Os dois personagens mais relevantes na construção da Avenida Sete e reforma urbanística de Salvador e que mudaram sua cara colonial
Tasso Franco , Salvador |
30/01/2025 às 10:29
Os construtores da Avenida Sete JJ Seabra e Arlindo Fragoso
Foto: Seramov
Estamos chegando ao final deste livro e não poderíamos deixar de falar sobre dois personagens já citados em passante nas crônicas anteriores, mas, que merecem uma só para eles. Falo de José Joaquim Seabra o JJ Seabra, assim conhecido e imortalizado ex-governador que implantou a Avenida Sete no seu primeiro governo (1912/1916); e Arlindo Coelho Fragoso, o engenheiro santamarense responsável pela execução da obra.
Dois personagens com características distintas, JJ Seabra político, intrépido, tribuno loquaz, ambicioso na medida do seu amor pela Bahia; e Arlindo discreto, técnico, obstinado intelectual, fundador da Escola Politécnica e da Academia de Letras da Bahia, construtores de sonhos tomando aqui emprestado o termo do biógrafo de Arlindo, Caiuby Alves da Costa.
Como então, dois seres tão distintos um do outro e falo isso diante do que já li sobre ambos se uniram para construir a avenida que mudou a cara da Salvador colonial para ser contemporânea do século XX, no alvorecer daquele século, copiando ao que se disse na época, o modelo parisiense dos bulevardes do barão de Georges-Eugène Haussmann, final do século XIX e que mudaram Paris e depois o Rio de Janeiro, de Pereira Passos.
Ora, pouco importa que assim fosse porque a capital baiana necessitava de algo que a soltasse, que a respirasse do gueto colonial confinado entre o São Pedro e o Além Carmo com incursões pela cidade baixa, também remodelada por JJ Seabra, no Comércio, e no cais dourado da velha Bahia.

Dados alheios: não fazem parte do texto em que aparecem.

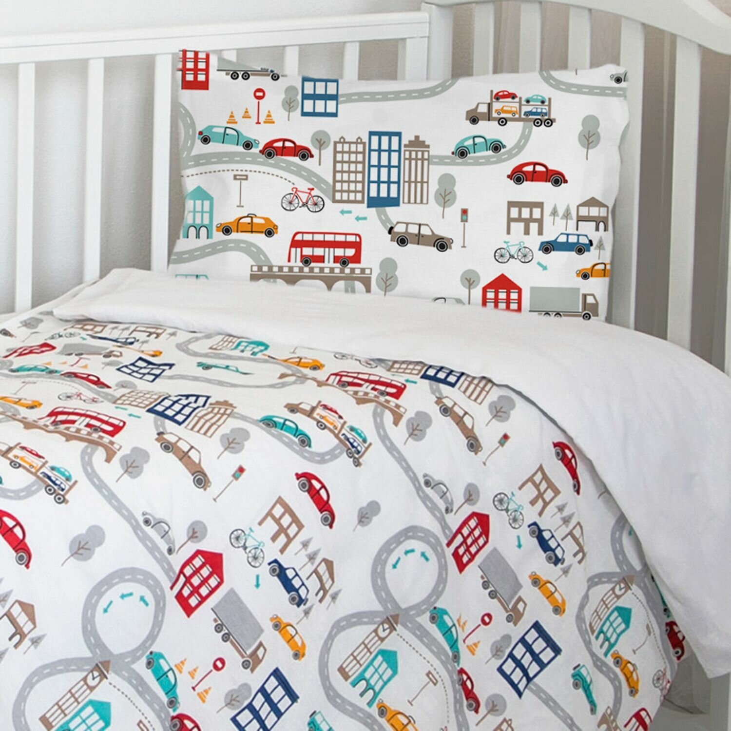 Постельное белье детское 1 спальное 160х80 Поплин "Город" Комплект постельного белья для мальчиков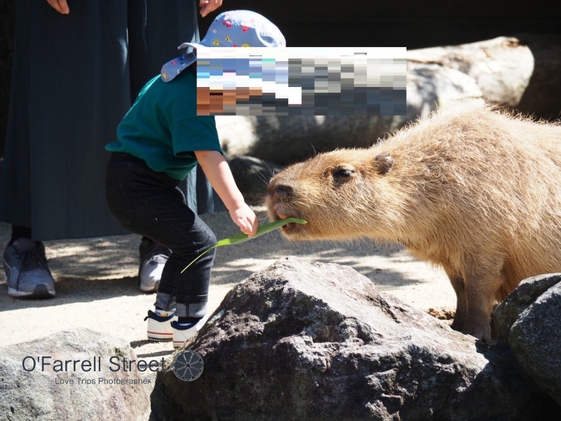 さらにカピバラエリアでは、自由に闊歩するカピバラたちに近づいて餌やりはもちろん、タッチすることもできるのです。エサはすべて有料(¥100~)になっています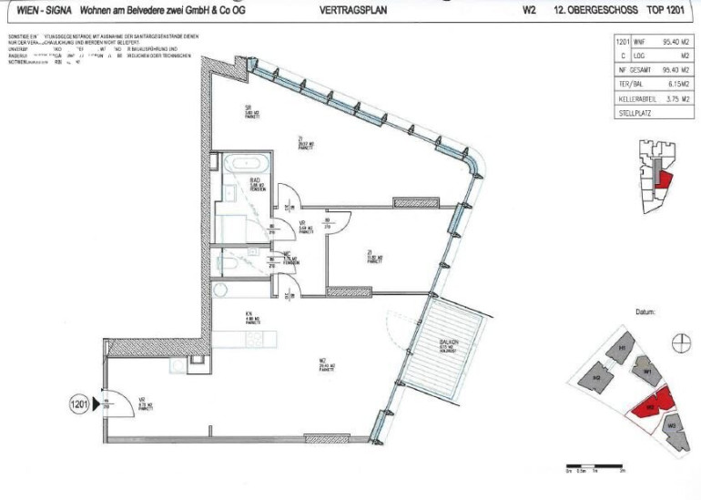 | W2 | 12te Etage | TOP 1201 | 95,4 WNFL + 6,15 Terrasse | VKP 734.580 Euro | Mietvertrag bis 31.03.2029 |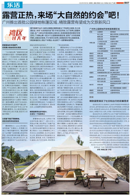 春节假期不远行,如何让假期过得更有意义?不如带上帐篷,约上亲朋好友,来场“大自然的约会”吧!今年元旦开始,为了完善公园服务功能,给广大群众打造优质的公园生活,创造宜居宜游的美好休憩空间,广州推出第

Há de se dizer que Seabra destruiu a memória de parte dessa antiga cidade derrubando igrejas integralmente e fachadas de outras, colocando casarões coloniais no chão e que essa higienização prejudicou as pessoas de menor poder aquisitivo, mas essa é uma conversa própria dos acadêmicos de gabinetes e livros, pois para se executar uma reforma urbanística nem existe consenso, nem outro tipo de solução. É ter vontade politico e por mãos à obra.
E Seabra enfrentou o poder da igreja católica, mas também negociou com o arcebispo Dom Jerônimo Tomé da Silva, poupou uma banda do Mosteiro de São Bento graças a resistência do abade belga Majolo (Pedro) de Caigny, e descortinou a cidade para o mar da Baía de Todos os Santos, na Barra, abrindo a área para novas residências e incorporando a praia como área de lazer, o que, até então (1915) só era usada pela população como terapia medicinal.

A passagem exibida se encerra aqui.